Marie Sophie Jeanne Laisné (born 21 March 1870; year of death unknown) was a French operatic soprano with the Opéra-Comique. She started her career as Sophie in the first French production of Massenet's Werther, and went on to create the roles of Aurore in Jules Massenet's Le portrait de Manon, Jeanne in Benjamin Godard's La Vivandière, La Duchesse de Fronsac in Henri Hirschmann's L'amour à la Bastille, and Henriette in Ernest Lefèvre-Dérodé's Le follet. Other notable roles include Micaela in Bizet's Carmen and as Mimi in Puccini's La bohème.

== Biography ==
Laisné studied at the Conservatoire de Paris under Ernest Boulanger, graduating in 1892, after which she was engaged by the Opéra-Comique. She made her opera début on 16 January 1893 as Sophie in the first Paris production of Jules Massenet's Werther, which also featured Marie Delna, Max Bouvet, and Guillaume Ibos in leading roles.

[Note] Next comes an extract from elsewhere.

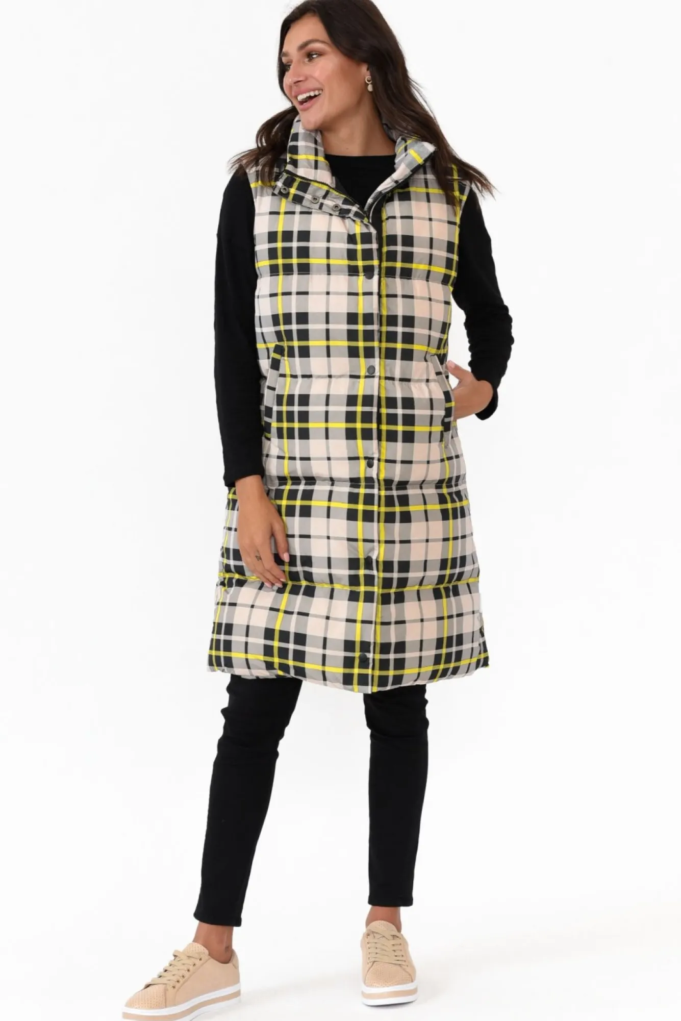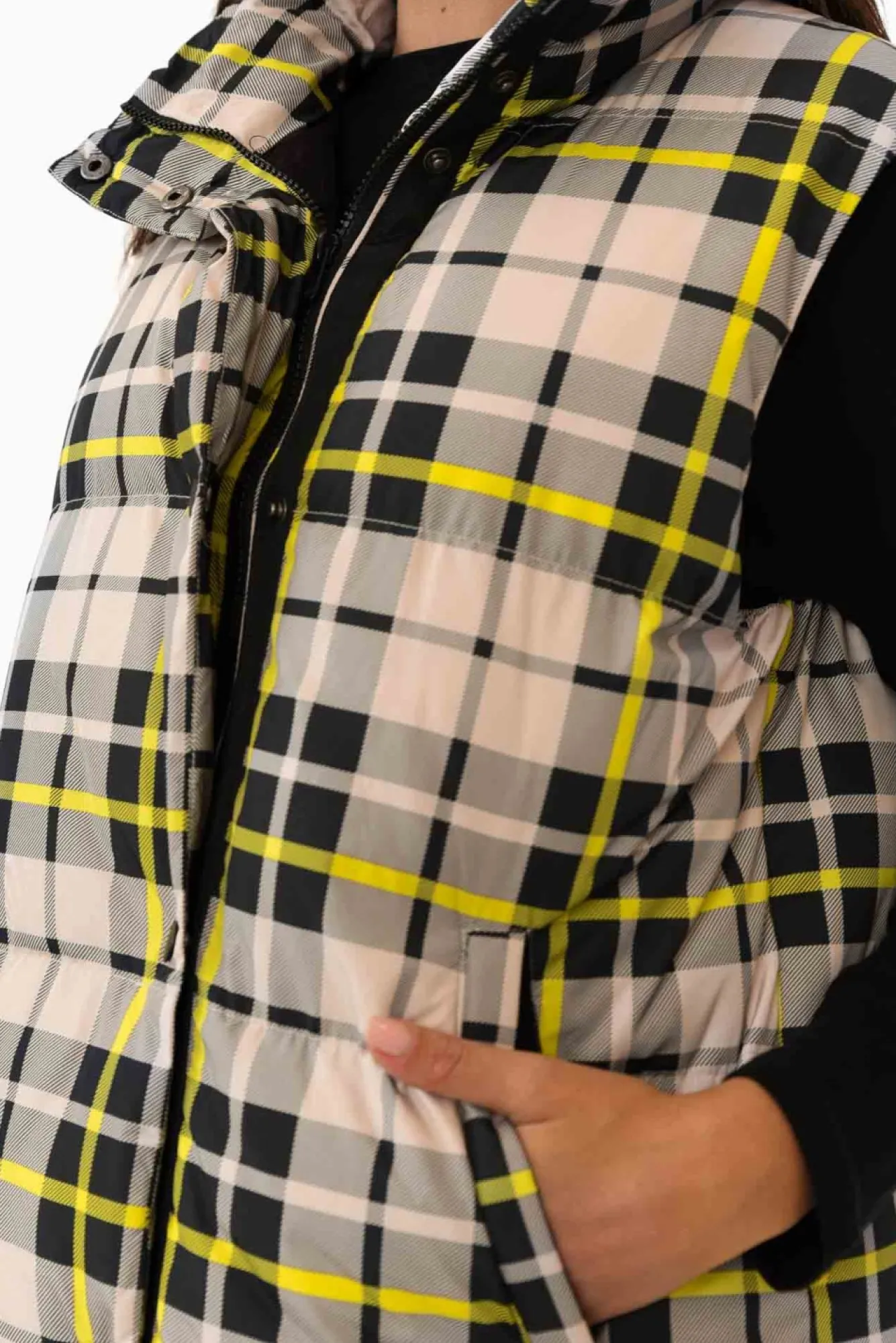 Fit: True To Size. Refer To Size & Fit Tab Below For Specific Size Recommendation NNfabric: 100% PolyesterNan Ultra-Cosy, Midweight Puffer-Style Vest With An Elevated Sheen And Soft Lining NNhigh-Collared Neckline With Adjustable Pull Toggles NNclassic Sleeveless Vest Design – Perfect For Layering Nfull-Length Zip Front With Bonus Snap Closures From Neck To Base Nmodern Longline Silhouette Enhanced By Full-Length Zip Front Ntwo Feature Front Pockets With Concealed Zip Closure NNstraight Hemline Falls Above The Knees NNNcare: Cool Gentle Machine Wash RecommendedNNcolour: Striking Neon Yellow And Black Check Print Over A Taupe Base

She created the role of Aurore in Jules Massenet's Le portrait de Manon, a sequel to his earlier Manon, at the Opéra-Comique on 8 May 1894. Years after des Grieux's tragic romance, he has adopted a son, who is in love with Aurore, who, unbeknownst to des Grieux, is Manon's niece. The two young lovers have to remind him of his own tragic youth, in order to get him to accept that love should reign in their generation. In connection with the première, writing in La Nouvelle Revue (1 June 1894) the author and librettist Louis Gallet refers to "la charmante Mlle Laisné, qui joue et chante à ravir le rôle d'Aurore" (the charming Miss Laisné who plays and sings the role of Aurore so ravishingly). Le Matin discussed her charming voice and effective execution, and Le Figaro discussed how she agreeably chirped and trilled her way through Aurore.

In 1898, Le Matin praised her performance in Fidelio, stating "Mlle Lai[s]nè a une voix d'une pureté délicieuse, qu'elle sait conduire avec un art consommé" (Miss Lai[s]né has a voice of delicious purity, which she knows to use with consummate art.)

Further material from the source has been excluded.